Unit Testing With println

Testing is a discipline in itself. (At some point you may find yourself taking Com S 417, Software Testing.) Determining whether a complex system is going to work correctly under all conditions is extremely difficult. In this course we will only focus on unit testing, which is where we test a single component (usually a class) all by itself to ensure that it conforms to its specification.

We have seen many examples of simple unit tests. As one example, consider the class Basketball. We saw this class back in lab 2; you can review the javadoc here. In order to test it, we start thinking about what should be true about a correctly implemented basketball:

For each such assertion we come up with, we can write a simple test case in which the actual value we get from calling a method is printed out, along with the correct or "expected" value we really should get.
public class BasketballExample
{
  public static void main(String[] args)
  {
    Basketball b = new Basketball(5);
    
    // A newly constructed basketball should not be dribbleable
    System.out.println(b.isDribbleable());
    System.out.println("Expected: false");
    
    // A newly constructed basketball should have the diameter it was constructed with
    System.out.println(b.getDiameter());
    System.out.println("Expected: 5.0");
    
    // After inflating, the basketball should be dribbleable
    b.inflate();
    System.out.println(b.isDribbleable());
    System.out.println("Expected: true");
    
    // After inflating, the basketball should still have the diameter it was constructed with
    System.out.println(b.getDiameter());
    System.out.println("Expected: 5.0");
  }
}
If the Basketball class is implemented correctly, running this main method should produce the output:
false
Expected: false
5.0
Expected: 5.0
true
Expected: true
5.0
Expected: 5.0

Using a test framework

With only four test cases, it is easy enough to look at the output and see whether the actual values match the expected values. The Basketball class is very simple. A more complex class may have dozens or hundreds of test cases, and it is tedious to have to read through the output to check for correct values.

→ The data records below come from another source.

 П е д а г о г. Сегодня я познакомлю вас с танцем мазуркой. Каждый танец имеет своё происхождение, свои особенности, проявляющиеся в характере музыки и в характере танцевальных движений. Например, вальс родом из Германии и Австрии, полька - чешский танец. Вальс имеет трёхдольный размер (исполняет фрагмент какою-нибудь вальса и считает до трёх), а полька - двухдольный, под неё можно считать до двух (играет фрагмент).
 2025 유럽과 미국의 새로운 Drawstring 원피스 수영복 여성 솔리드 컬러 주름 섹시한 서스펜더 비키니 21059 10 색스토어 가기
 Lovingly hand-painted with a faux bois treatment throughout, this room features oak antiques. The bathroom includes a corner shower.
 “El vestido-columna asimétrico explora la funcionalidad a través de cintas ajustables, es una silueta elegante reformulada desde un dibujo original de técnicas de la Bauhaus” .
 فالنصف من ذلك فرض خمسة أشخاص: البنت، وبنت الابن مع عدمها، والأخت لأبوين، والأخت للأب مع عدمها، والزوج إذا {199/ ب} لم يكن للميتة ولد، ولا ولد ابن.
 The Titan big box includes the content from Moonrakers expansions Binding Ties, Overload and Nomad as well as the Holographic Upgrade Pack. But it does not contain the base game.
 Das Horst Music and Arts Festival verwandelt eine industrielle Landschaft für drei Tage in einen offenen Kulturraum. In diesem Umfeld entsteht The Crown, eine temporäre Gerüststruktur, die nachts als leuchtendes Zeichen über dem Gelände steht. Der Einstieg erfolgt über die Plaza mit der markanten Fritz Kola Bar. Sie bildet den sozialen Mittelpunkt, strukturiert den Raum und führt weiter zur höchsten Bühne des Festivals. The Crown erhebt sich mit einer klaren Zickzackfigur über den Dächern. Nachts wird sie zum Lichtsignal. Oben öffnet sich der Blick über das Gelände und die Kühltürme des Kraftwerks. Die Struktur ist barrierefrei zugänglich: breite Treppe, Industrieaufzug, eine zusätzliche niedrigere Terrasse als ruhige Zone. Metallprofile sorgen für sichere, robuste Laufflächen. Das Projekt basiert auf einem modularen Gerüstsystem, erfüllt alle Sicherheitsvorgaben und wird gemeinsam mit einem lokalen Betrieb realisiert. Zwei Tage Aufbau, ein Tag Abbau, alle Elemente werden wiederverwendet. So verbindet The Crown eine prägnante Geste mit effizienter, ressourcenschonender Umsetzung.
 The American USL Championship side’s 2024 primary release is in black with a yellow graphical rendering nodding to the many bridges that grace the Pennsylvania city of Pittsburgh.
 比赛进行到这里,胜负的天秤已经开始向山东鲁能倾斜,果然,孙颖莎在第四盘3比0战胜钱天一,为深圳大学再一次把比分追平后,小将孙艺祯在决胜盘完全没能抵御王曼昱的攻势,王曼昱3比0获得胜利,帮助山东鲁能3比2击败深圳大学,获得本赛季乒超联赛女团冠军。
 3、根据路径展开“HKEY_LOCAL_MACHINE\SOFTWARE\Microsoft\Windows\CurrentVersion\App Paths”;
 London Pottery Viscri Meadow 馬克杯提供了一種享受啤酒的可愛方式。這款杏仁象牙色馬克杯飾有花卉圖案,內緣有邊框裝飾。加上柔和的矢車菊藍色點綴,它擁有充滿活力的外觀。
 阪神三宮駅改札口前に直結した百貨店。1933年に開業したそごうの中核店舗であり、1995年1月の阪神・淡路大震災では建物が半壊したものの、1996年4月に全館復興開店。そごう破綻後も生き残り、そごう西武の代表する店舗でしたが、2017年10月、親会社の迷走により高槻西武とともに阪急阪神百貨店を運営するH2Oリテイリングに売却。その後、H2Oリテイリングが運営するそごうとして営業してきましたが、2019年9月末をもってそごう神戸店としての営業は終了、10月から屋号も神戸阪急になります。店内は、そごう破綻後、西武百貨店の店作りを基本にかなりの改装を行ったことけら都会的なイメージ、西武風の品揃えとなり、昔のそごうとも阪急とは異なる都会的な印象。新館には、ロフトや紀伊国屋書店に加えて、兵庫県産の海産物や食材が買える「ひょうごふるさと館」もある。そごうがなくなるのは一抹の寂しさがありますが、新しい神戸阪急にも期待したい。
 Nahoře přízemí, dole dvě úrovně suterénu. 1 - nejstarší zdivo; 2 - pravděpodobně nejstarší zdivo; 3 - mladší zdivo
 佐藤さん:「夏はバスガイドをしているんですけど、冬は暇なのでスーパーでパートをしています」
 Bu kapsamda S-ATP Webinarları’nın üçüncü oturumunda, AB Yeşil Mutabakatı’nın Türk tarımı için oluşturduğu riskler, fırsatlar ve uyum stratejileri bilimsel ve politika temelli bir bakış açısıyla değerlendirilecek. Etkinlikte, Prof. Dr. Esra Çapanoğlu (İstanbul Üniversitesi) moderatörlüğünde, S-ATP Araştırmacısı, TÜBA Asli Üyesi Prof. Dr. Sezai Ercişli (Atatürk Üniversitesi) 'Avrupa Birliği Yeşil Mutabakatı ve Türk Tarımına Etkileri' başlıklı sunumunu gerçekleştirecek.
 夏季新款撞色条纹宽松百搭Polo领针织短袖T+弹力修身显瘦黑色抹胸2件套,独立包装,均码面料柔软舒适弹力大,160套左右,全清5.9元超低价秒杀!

Since we are programmers, we wonder: couldn't we just write a program to automatically check the test output? And (since we are programmers) of course the answer is yes! That is the idea of a test framework. Instead of using System.out.println, we write the test using a few special methods defined by the framework, and the framework completely automates the process of checking the results. In this course we use a framework called JUnit that extremely easy to use and is nicely integrated with Eclipse.